I can’t say exactly now…But I remember that papa came running to us: “You’ll be evacuated by truck.” He gave mama the thick photograph album and a warm, quilted blanket: “Muffle up the children, or they’ll catch cold.” That was all we took with us. In such a hurry. No documents, no passports, not a kopeck of money. We also had a pot of meatballs my mother had prepared for the weekend, and my brother’s little shoes. And my sister—a miracle!—grabbed at the last moment a package, which contained mama’s crepe de chine dress and her shoes. Somehow. By chance. Maybe she and papa wanted to visit some friends for the weekend? Nobody could remember anymore. Peaceful life instantly disappeared, fell into the background.
That’s how we evacuated…
We quickly reached the station, but sat there for a long time. Everything trembled and rattled. The lights went out. We lit a fire with paper, newspapers. Somebody found a lantern. Its light cast huge shadows of people sitting—on the walls, on the ceiling. They stood still, then moved. And then my imagination ran away with me: Germans in a fortress, our soldiers taken prisoner. I decided to try and see if I could endure torture or not. I put my fingers between two boxes and crushed them. I howled in pain. Mama got frightened. “What’s the matter, dear?”
“I’m afraid I won’t be able to endure the torture during the interrogation.”
“What do you mean, little fool, what interrogation? Our soldiers won’t let the Germans through.”
She caressed my head and kissed me.
The train rode under bombs all the time. Whenever they began bombing, mama lay on top of us: “If they kill us, we’ll die together. Or else just me…” The first dead person I saw was a little boy. He was lying there looking up, and I tried to waken him. To waken him…I couldn’t understand that he wasn’t alive. I had a piece of sugar, I offered him that piece of sugar, hoping he would get up. But he didn’t…

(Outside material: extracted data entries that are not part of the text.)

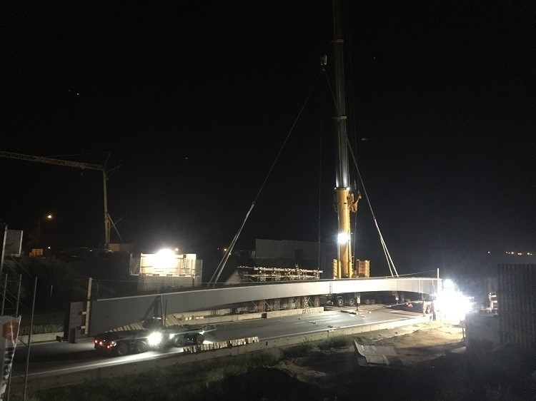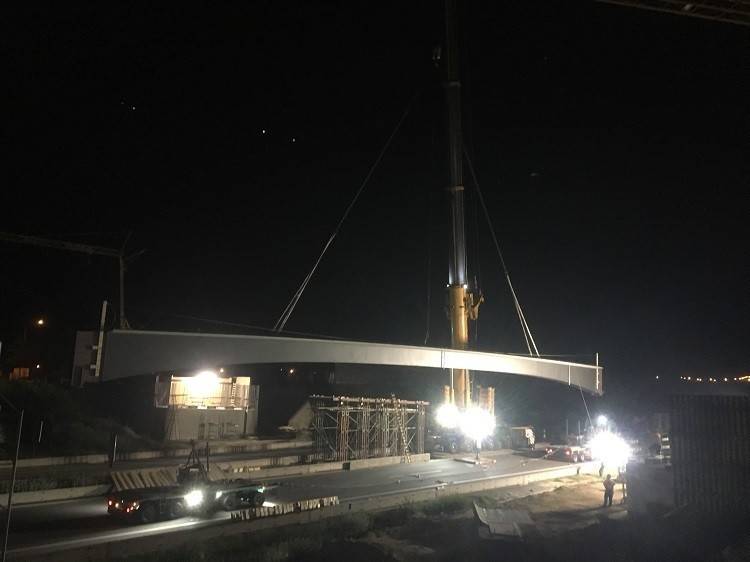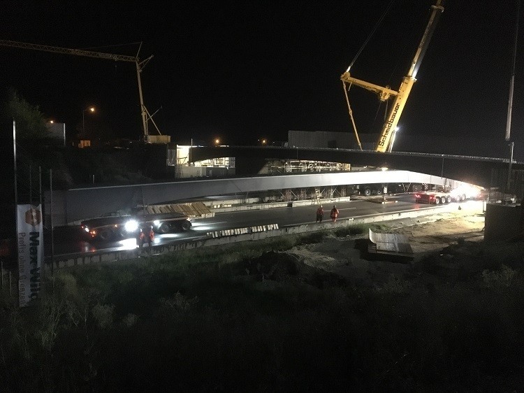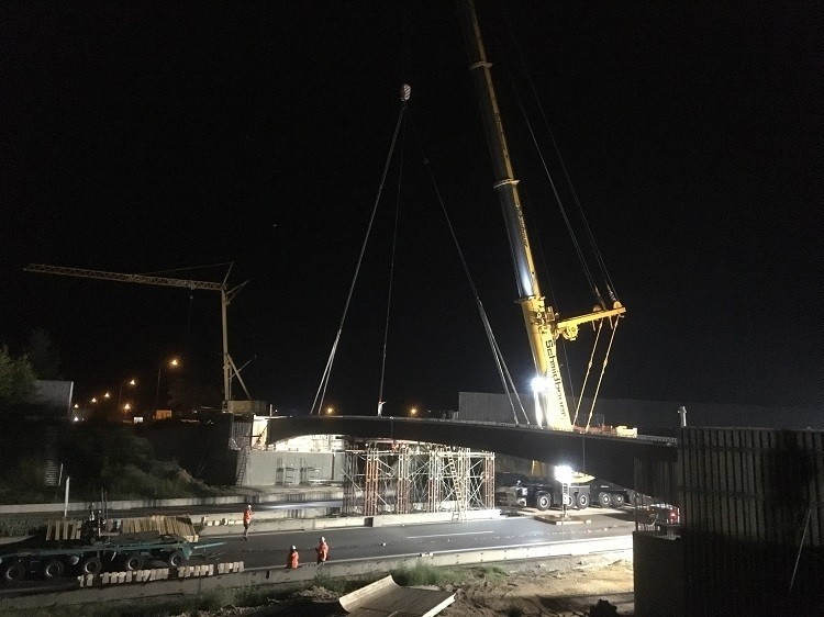 In der Nacht von Samstag auf Sonntag wurden die Träger für die Brücke Markomannenstraße auf der A3 eingehoben. Die Bauarbeiten, um fünf der jeweils 70 Tonnen schweren Träger einzuheben, dauerten bis Sonntag 5:30 Uhr. Pro Träger wurden jeweils 1 1/2 Stunden zum Montieren eingeplant. Ein 500-Tonnen Kran hat zuerst die drei mittleren Träger eingehoben, um dann die beiden äußeren Teile aus Stahl und Beton anzubringen. Die Reihenfolge ist dabei wichtig, da die Außenträger schwerer zu montieren sind. Nach der Montage der Träger, musste im Anschluss noch die Fahrplatte verschraubt und die Fugen geschlossen werden.
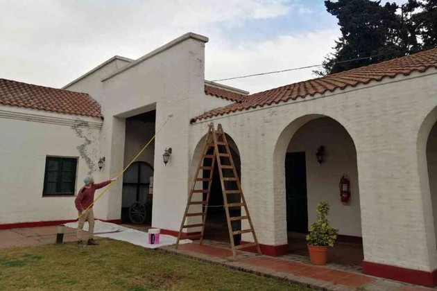 En primer término, se pintaron las aberturas de color verde, así como el cielorraso de madera, que fue lijado y barnizado. Ahora se están lavando las tejas de la galería, mientras se realizan tareas de pintura en paredes, arcadas y zócalos.
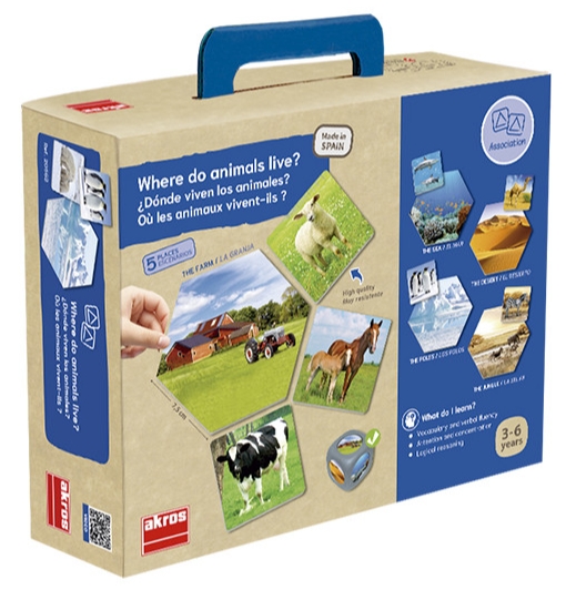 Къде живеят животните? e асоциативна образователна игра, която учи децата да разпознават и свързват животните с техните естествени местообитания. Чрез интерактивно сортиране и забавен игрови подход, децата ще научат къде живеят различните животни – на фермата, в джунглата, в пустинята, на полюсите или в морето.
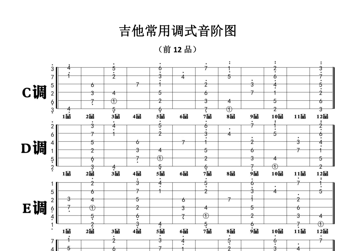 吉他常用调式音阶图吉他教程谱 - 打谱啦吉他基础教程

They were bombing, and my sister whispered to me, “When they stop bombing, I’ll obey mama, I’ll always obey mama.” And indeed, after the war, Toma was very obedient. Mama remembered that before the war, she used to call her a scamp. And our little Tolik…Before the war he could already walk well and talk well. And now he stopped talking, he clutched his head all the time.
I saw my sister’s hair turn white. She had very long black hair, and it turned white. In one night…

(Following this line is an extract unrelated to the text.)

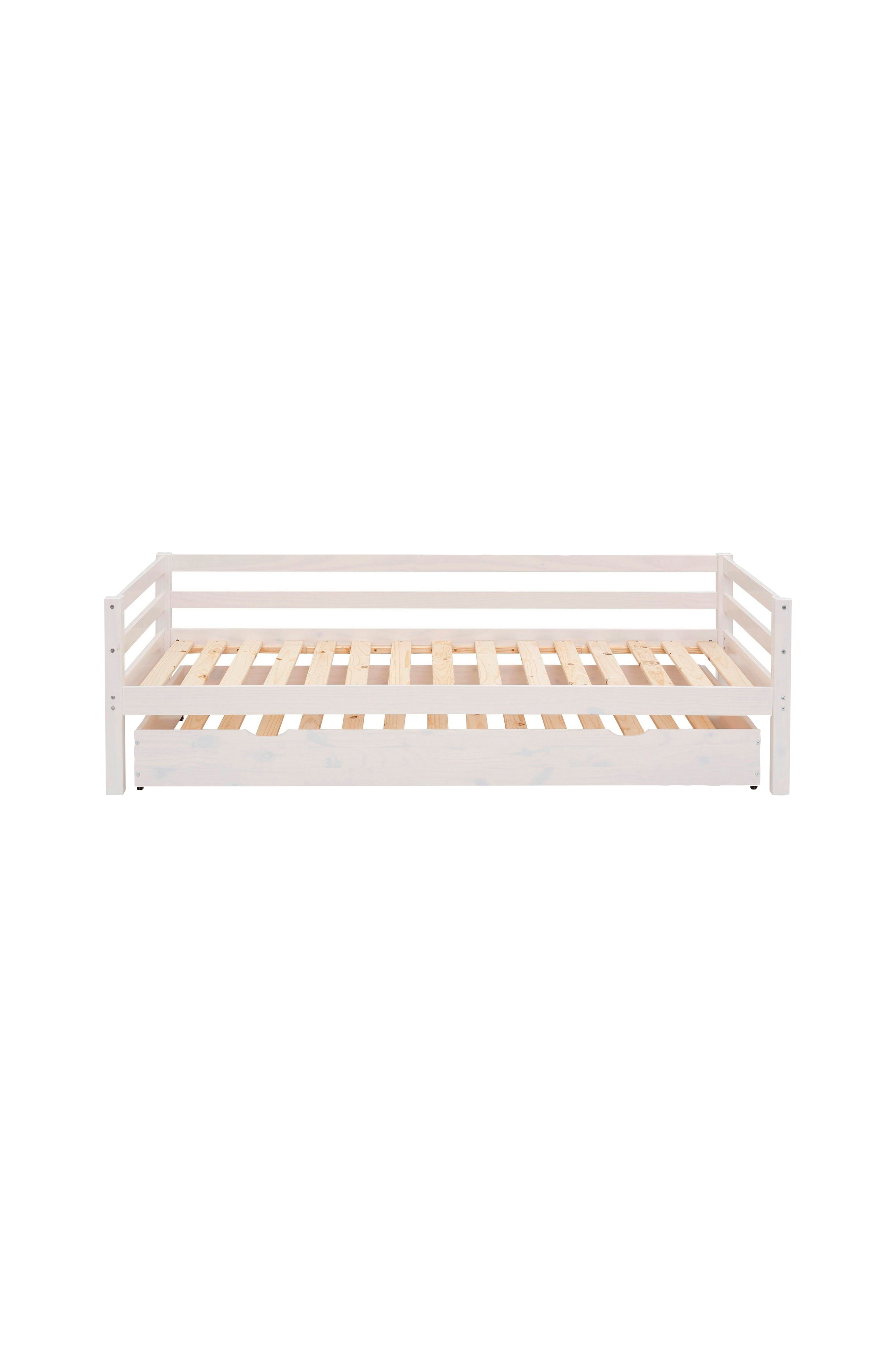 Sengen med sengeskuff bidrar til å skape en stilfull atmosfære på barnerommet. Utseendet i den karakteristiske herregårdsstilen understrekes av innrammingen i veggområdet og ved hode- og fotenden. Settet er utstyrt med en ramme som kan rulles opp, slik at du bare trenger den rette madrassen. Skuffen kan brukes som en ekstra seng til bestevennen din. Sovemøblene er laget av massivt furu av høy kvalitet som er fsc®-sertifisert. Det er tilgjengelig i attraktive fargevarianter som passer til den eksisterende innredningen. Med en uttrekkbar sengeboks er sengen en visuell og funksjonell berikelse for barnerommet.

The train started. Where is Tamara? She’s not in the car. We look. Tamara is running behind the car with a bouquet of cornflowers. There was a big field, the wheat was taller than us, and there were cornflowers. Her face…To this day her face is before my eyes. Her black eyes wide open, she runs, silent. She doesn’t even shout “mama.” She runs, silent.
Mama went mad…She rushed to jump out of the moving train…I was holding Tolik, and we both shouted. Then a soldier appeared…He pushed mama away from the door, jumped out, caught hold of Tomka, and threw her into the car with all his might. In the morning, we saw she was white. For several days we didn’t tell her, we hid our mirror, but then she accidentally looked into someone else’s and burst into tears: “Mama, am I already a grandmother?”
Mama comforted her. “We’ll cut your hair, and it will grow back dark.”
After this incident mama said, “That’s it. Don’t leave the car. If they kill us, they kill us. If we stay alive, then it’s our destiny!”
When they shouted “Airplanes! Everybody off the train!” she stuffed us under the mattresses, and to those who tried to get her off the train, she said, “The children ran, but I can’t go.”